What is required
Write out the entire listing below exactly as it appears, minus any pictures.

Information provided
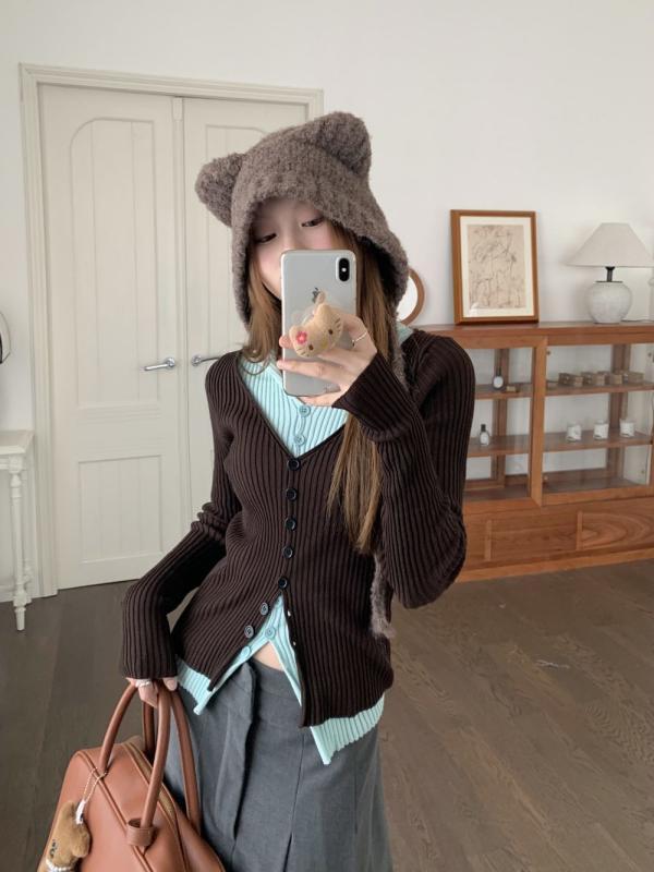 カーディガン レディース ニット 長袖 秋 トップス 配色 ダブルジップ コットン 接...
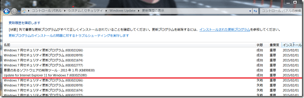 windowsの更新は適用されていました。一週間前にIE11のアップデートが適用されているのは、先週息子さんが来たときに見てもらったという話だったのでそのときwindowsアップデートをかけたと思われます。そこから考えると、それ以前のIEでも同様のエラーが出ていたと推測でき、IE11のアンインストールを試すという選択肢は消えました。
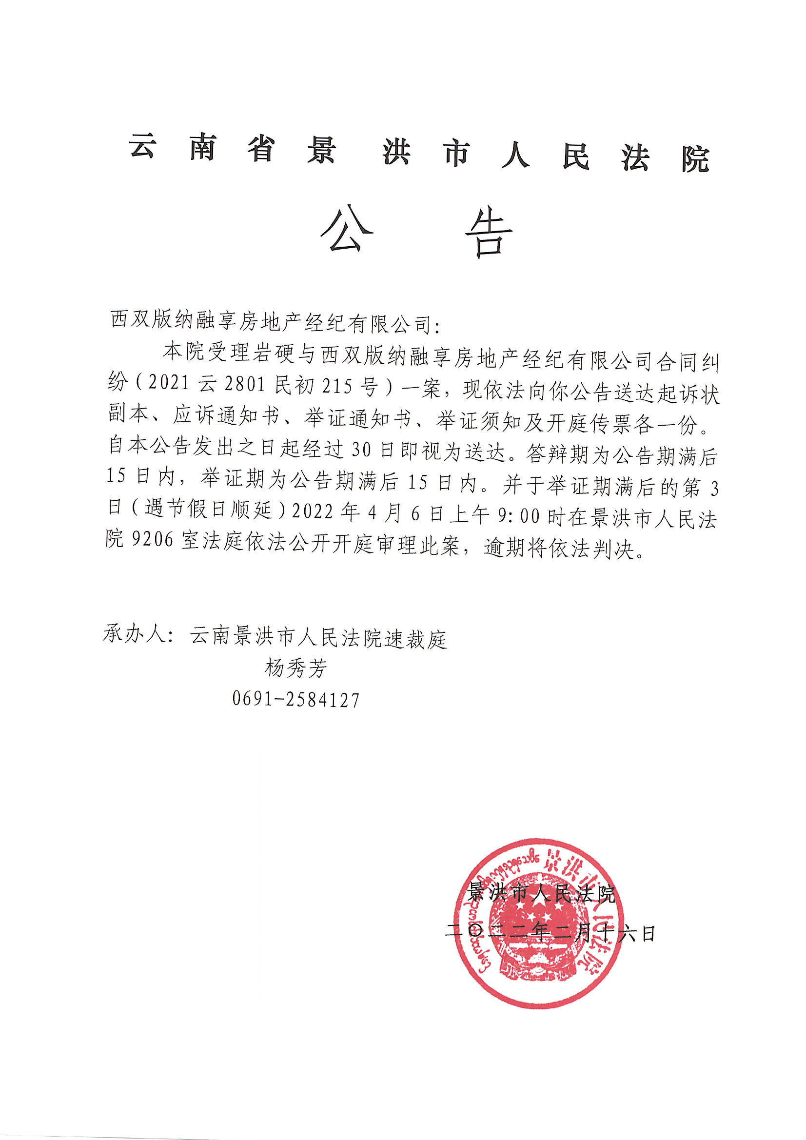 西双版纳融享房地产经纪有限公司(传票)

Exercise output
 カーディガン レディース ニット 長袖 秋 トップス 配色 ダブルジップ コットン 接...
 windowsの更新は適用されていました。一週間前にIE11のアップデートが適用されているのは、先週息子さんが来たときに見てもらったという話だったのでそのときwindowsアップデートをかけたと思われます。そこから考えると、それ以前のIEでも同様のエラーが出ていたと推測でき、IE11のアンインストールを試すという選択肢は消えました。
 西双版纳融享房地产经纪有限公司(传票)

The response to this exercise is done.